To ensure a colony is healthy, keepers must thoroughly inspect their hives once days and nights are consistently warmer. This involves removing frames to examine the health of the brood that’s been laid. Inconsistent patterns, dead brood, or both, can signal that all is not well.
American foulbrood (AFB) is probably the most famous bee disease, and for good reason. AFB can affect colonies throughout the seasons and its hallmarks are irregular brood pattern, and dark, dead, and mucousy larvae. It also results in a fishy, rotten odour emanating from the beehives.
AFB is highly contagious. As the dead larvae harden, they produce spores. Live bees then spread these spores to other bees and other colonies as they move around.
AFB’s rapid spread and lack of cure means there’s no time to waste once signs of it are spotted. It may sound harsh, but infected colonies must be destroyed immediately upon discovery. Any equipment, honey, wax, or pollen associated with the infected colony must also be destroyed by burning.
While it’s the most severe disease a honey producer can be afflicted with, AFB is thankfully rare in Ontario. Unfortunately, it’s not the only disease Ontario beekeepers worry about. They must also keep an eye out for other diseases like chalkbrood, as well as parasites like Nosema, tracheal mites, small hive beetles, and the often-present varroa mite.
Controlling for pests
Bees can be the victim of several different kinds of pests. Varroa mites are tiny parasites that are almost always present where honey bees are found. Varroa vampirize adult bees. However, their real destructive force is that they lay their eggs on bee larvae and feed off the developing baby bees.

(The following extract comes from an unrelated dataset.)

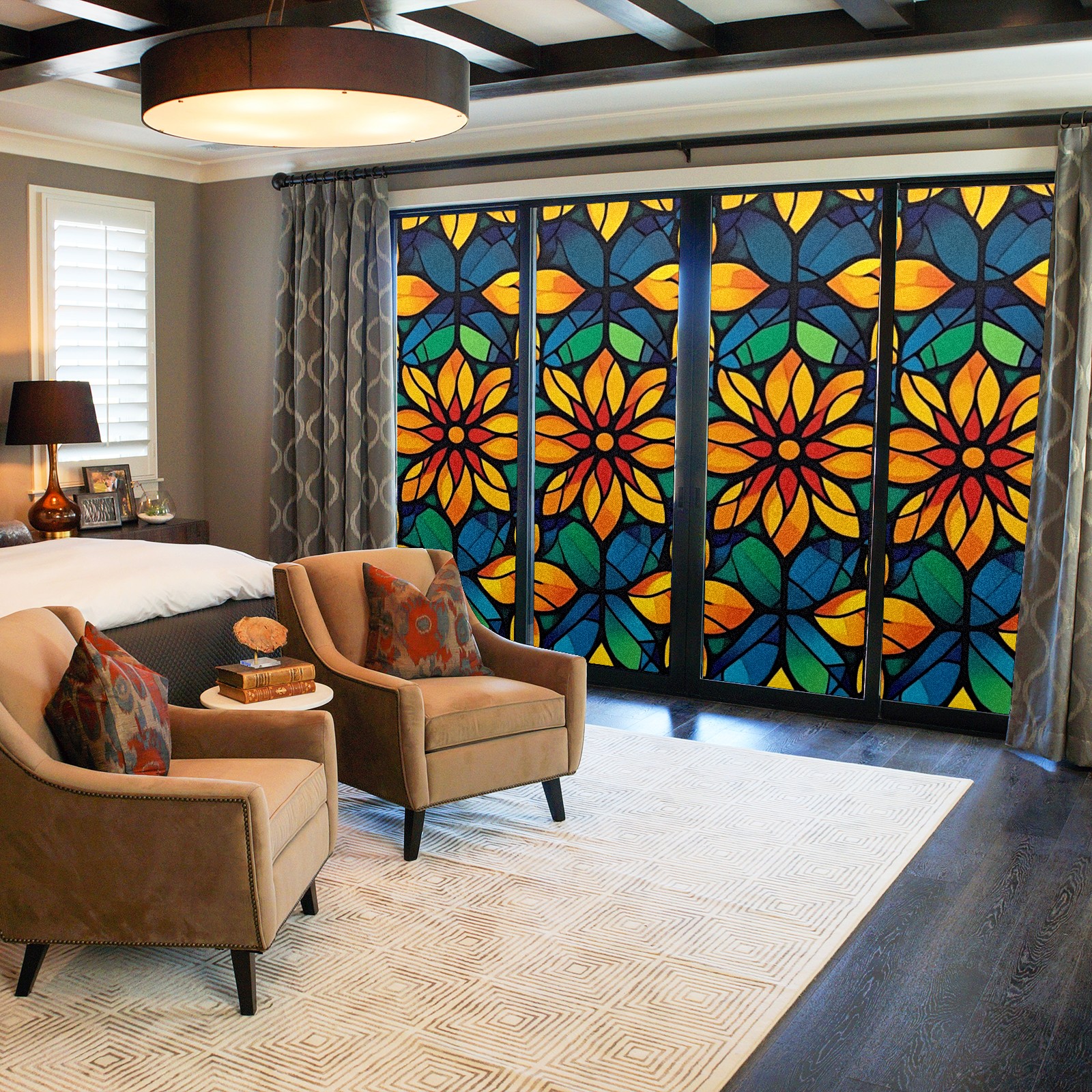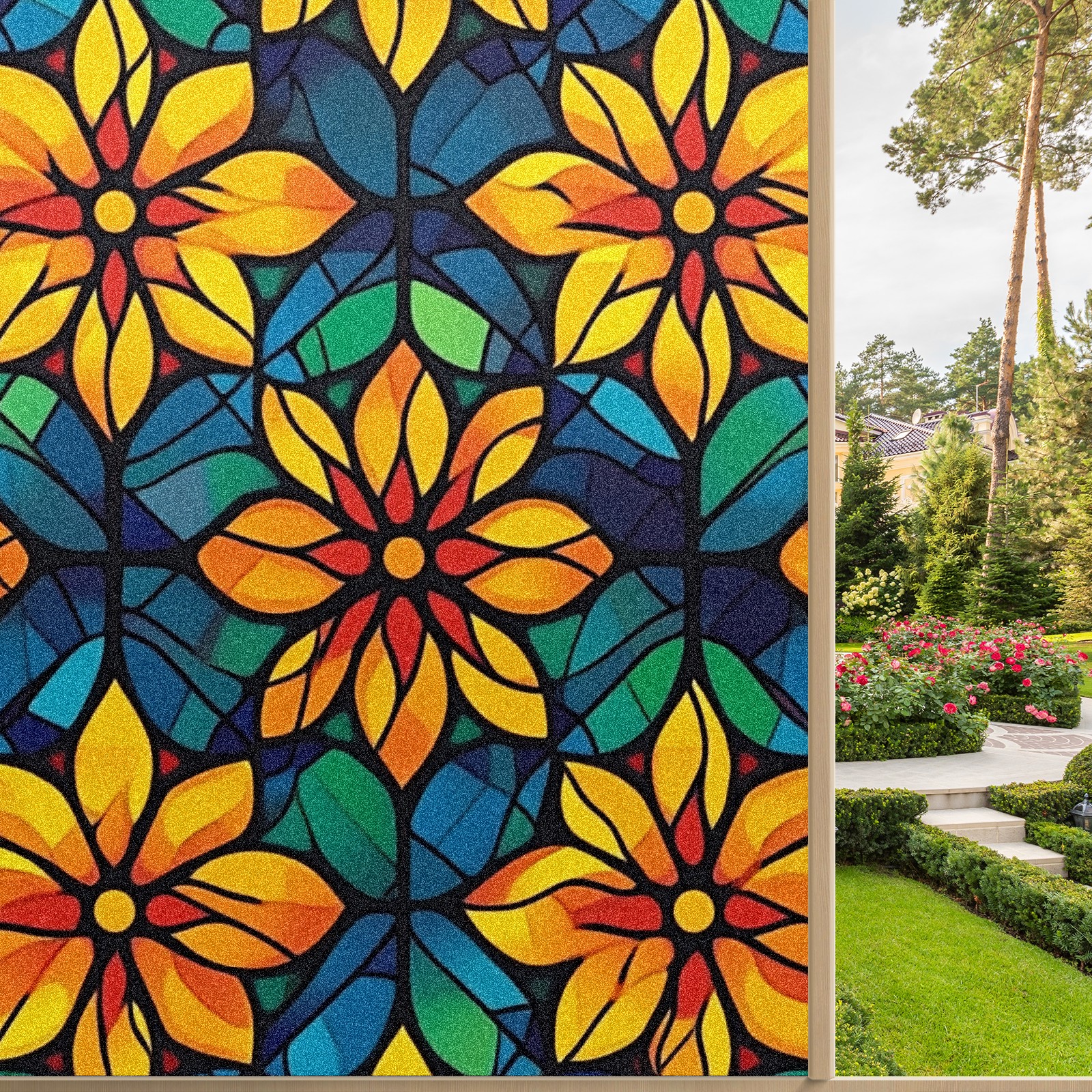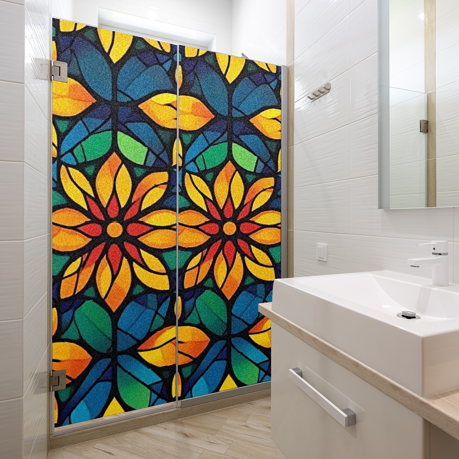 Stained Glass Window Film - Decorative Privacy Film for Windows, Peel and Stick Window Film for Bathroom/Office/Shower, Reusable and Easy to Cut 17.7"x23.6" (Seamless Pattern)

This parasitism causes the baby bees to develop abnormally or die altogether. Varroa lay their eggs on bee larvae before the larval cells are capped, leaving the lifecycle of the mites uninterrupted as they hatch and feed off the baby bees.
Spring is a great time for keepers to look at their hive’s varroa mite populations. The lack (or very low number) of brood means most varroa mites are attached to adult bees instead of capped inside of brood cells. This makes them more susceptible to treatment.
Beekeepers have several different options for treating the mites. Oxalic acid is a favourite method during the brood-free days of spring as it’s both effective and safe for bees. There are also additional options — both chemical and physical — that keepers can pursue if conditions aren’t optimal for this form of treatment.
Looking for the queen
Without the queen bee, nothing in the hive functions the way it should. Consequently, a spring check has to include looking out for the colony’s queen to see what sort of shape she’s in.
If you find the queen bee dead when you open the hive, check to see if any queen cells are present. Usually found on the bottom of a frame, these peanut-shaped pods are used to rear new queens. It’s not a given that you’ll find them, however. Queens don’t typically lay during the coldest months, so there may not be any eggs for workers to raise a new queen.
In this case, beekeepers should requeen the colony by purchasing a new queen and installing her in the hive.
If your queen is alive and well, there’s no need to do anything else. As the weather warms and the days get longer, the queen will increase the number of eggs she lays. At her peak, she can lay between 1500 and 2000 eggs a day, helping to repopulate the colony in no time.
There’s no doubt that spring is a busy time for beekeepers. But putting in the work now helps to ensure that your colonies will flourish over the months to come. A little bit of spring elbow grease means happy and healthy bees and a whole lot of honey coming your way.